I am very frustrated by this and would greatly appreciate any advice anyone could give.

Thanks!

mander
11-21-2005, 07:52 PM
Have you gone to your employer (human resource dept) with your concerns? Self funded means your employer is funding (paying) the claims. In my experience when you go directly to your employer (the plan administrator's client) they may be able to help as it is their money. From what you are saying, you have a valid argument (without reading the plan in question). If you haven't gone to your employer with your complaint I would suggest you do so.

M6437
11-22-2005, 08:05 AM
Mander, thanks for your post. If anything, I think you have reinforced to me that I can trust my own research and common sense on this and don't really need a lawyer or insurance expert to interpret this contract.

Unfortunately, as this is a self-funded plan, the fiduciaries of the plan are in the human resources department of my husband's employer, and I have communicated extensively with them and filed my final administrative appeal through them, and they are insisting this is not covered. The only justification they can give me is what is stated in this retail pharmacy plan rider and the fact they want to benefit their stockholders. They have ignored the substance of my appeal and refuse to answer most of my questions.

I am sure most self-funded health plans are handled by the employers in good faith, but I do wish to warn anyone whose plan is funded by the employer to read the fine print of your SPD carefully and ask questions before getting service. The state laws that regulate insurance do not apply to them, and your only recourse with them is with the federal ERISA laws, and even under ERISA, they aren't considered an "insurance company" so some ERISA protections don't apply to them.

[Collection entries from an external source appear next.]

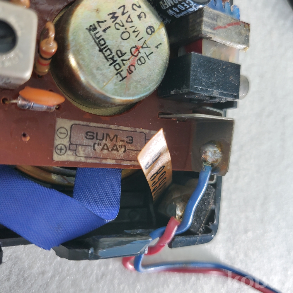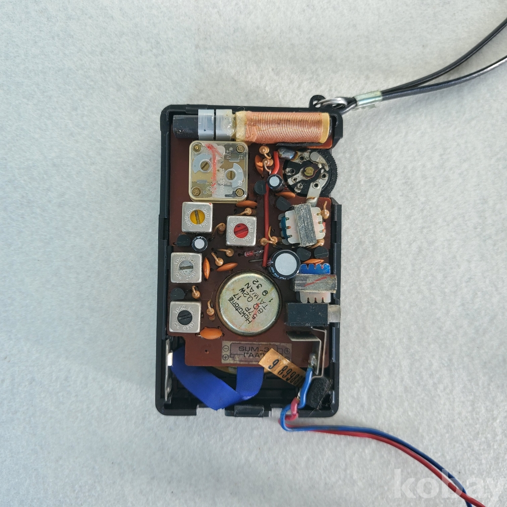 큰 배터리 연결선이 납땜 되어있습니다. 떼어내지 않았습니다. 그 시대 소형라디오에 큰 배터리를 연결하여 사용한 흔적입니다.
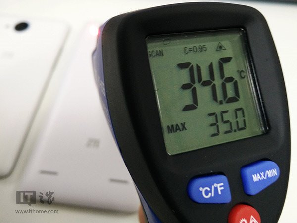 ▲ 中兴V5 Max发热集中在背面摄像头左侧部分,测得的最高温度为35℃。
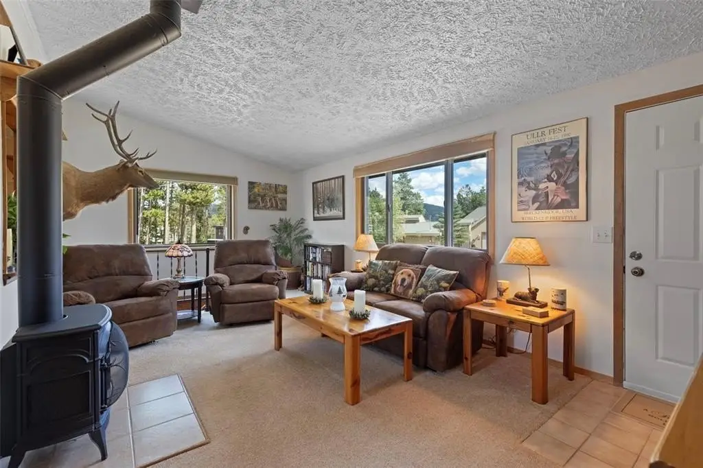A Mountain Escape, Peak 7, Breckenridge — quaint three-bedroom cabin nestled on a full acre lot, offering peace, privacy, sweeping views of Baldy Mountain and the Ten Mile Range and tons of sunshine. Adventure awaits at your doorstep with close by trails for hiking, mountain biking, or cross-country skiing. City water, sewer, and natural gas. Two Vermont Casting gas stoves add warmth and ambiance, making this home an inviting retreat year-round. Minutes from Breckenridge Ski Resort and downtown Breckenridge, enjoy effortless access to world-class skiing, dining, shopping, and all the Town’s amenities.
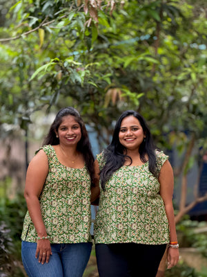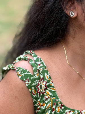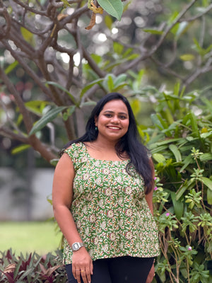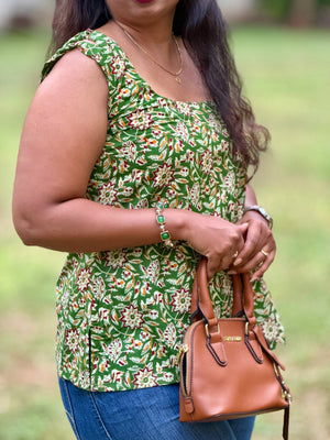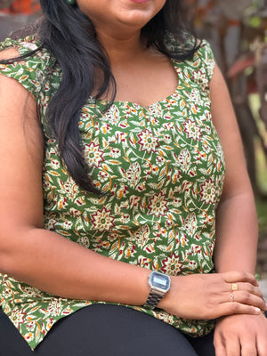 Crafted in breathable cotton with soothing floral prints, this green sleeveless top stands out with ruched shoulder accents and a gentle flare that flatters every silhouette.

If they want to deny a claim arbitrarily and in bad faith, the maximum they can lose in court is the amount of the claim they would have owed anyway, and most people don't have the resources to file a complaint in district or federal court to contest a moderate claim refusal.

I do plan to talk to the department of labor EBSA office and see what they can do. They may at least be able to apply corrective enforcement of the ERISA laws this company has violated.